“Polyphonia”
Soros Center for Contemporary Art
The cast of villains in “Polyphonia: Social Commentary in Contemporary Hungarian Art” warrants some serious soul searching here in the land of the freed. You have the Museum Director who refused to mount the show because of the potentially politically incriminating ideas that might arise. You have the organizers, who, though they pushed the venue onto the streets (and into various other public places), insisted on inviting artists to submit proposals for works of a sociopolitical nature with the condition that they not consider “daily politics, concrete persons, institutions, interest groups, ideological trends and interests of the state” to be subjects within the “competence of art.” And finally you have some normally on-the-ball artists who capitulated to these milk-toast terms. That said, it wasn’t such a total bomb of a show, if the aspirations of individual artists count for anything in such a scene.

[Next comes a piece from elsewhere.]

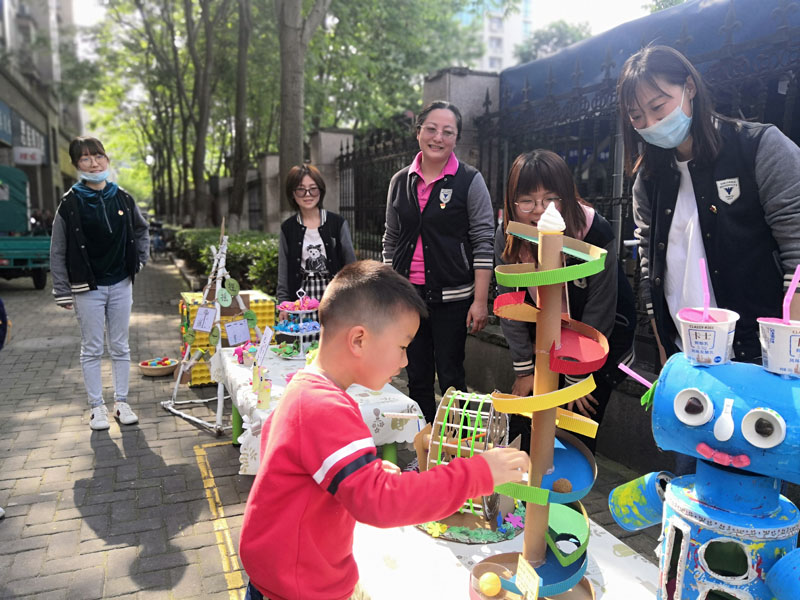 活动现场吸引了不少社区居民与孩子们,党团员老师向大家介绍了地球日漫画作品背后的故事与涵义,孩子们则对自制的教玩具十分感兴趣。家长感叹道:“原来用废弃材料做的玩具这么有意思,好玩又环保”,纷纷为西溪分园老师和孩子们的奇思妙想点赞。此外,党团员教师还通过“环保小精灵”与孩子一起互动,通过讲故事、念儿歌的形式,宣传绿色环保理念。
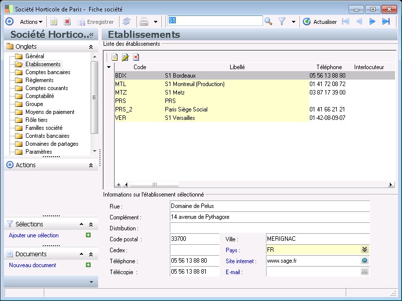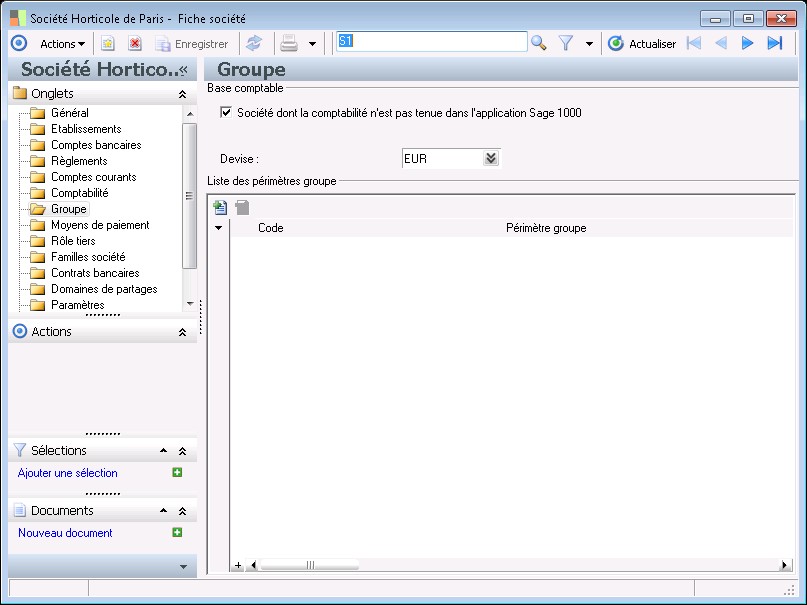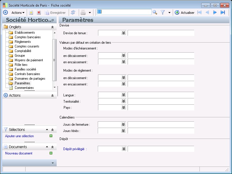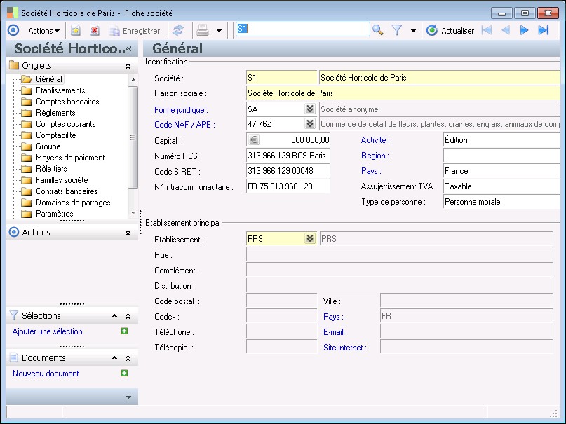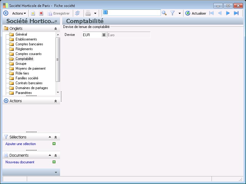 Cette zone permet de renseigner le pays d'après les informations contenues dans la table des pays. Le pays proposé par défaut correspond à celui de l'établissement indiqué dans la fiche société.

Laszló L. Révész banked on what he termed “spiritual capital” from the West by borrowing a Jan Dibbets video of a fireplace fire from the Stedelijk Museum and projecting it on a big slab of bacon (the basic sustenance for Hungarian workers) in the midst of a typically Hungarian construction-inprogress building of an art high school. The result was a whimsical, bloodless appropriation, alluding to a romantic back-to-basics desire to rebuild from virtual scratch. Miklós Pinke most successfully squeezed himself out of a charmed art circle, partly by doing what artists are supposed to do—he had an exhibition. The artist “simply”asked for orange crates from his friendly neighborhood green grocer, made paintings on them, had an opening on the side of the store/shack, and distributed the works gratis to the crowd.
Not all the selected proposals could be realized owing to bureaucratic quagmires. Of these the most promising was István Szil’s “A Few New Telephone Booths,” in which the user’s voice of these indicted telephones would be amplified so that passersby would also hear, forcing the unsuspecting to think about where and how their private and public concerns intersect, as well as inverting the role of the tapped telephone. The only artist to really suggest that there was anything to complain about was Tamás St. Auby, whose unrealized plan was to turn down all the public lighting in Budapest for a matter of minutes and split the money saved between the association for the blind and the artists in the show. His final work took the form of a complaint concerning the lack of funds for the artists’ honorariums.
Political or “issue based” work as it is understood in the West hardly exists in Hungary and hasn’t for years, except in the form of works from the ’60s and ’70s that use innuendo, metaphor, and irony to criticize what everyone knew was a corrupt social order. The most frequent explanation for this is that Social Realism was official policy, and work dealing with concrete issues was understandably viewed suspiciously by serious artists. This legacy is in many ways still operative. Given this history and the recent rage of issue-based work in the West, the organizers (the Soros Center for Contemporary Art, the largest privately funded cultural foundation in Hungary) found it timely to prod Hungarian artists to rethink their relationship to politics (the show included 29 projects all together). What they didn’t consider is the degree to which this legacy lingers in their own activity—whether it is sheer distaste or fear is hard to tell—and that giving artists a task accompanied by a list of unacceptable topics is a sure way to mount a “political” show that, Yes, will be safely contained, but equally short of transformative.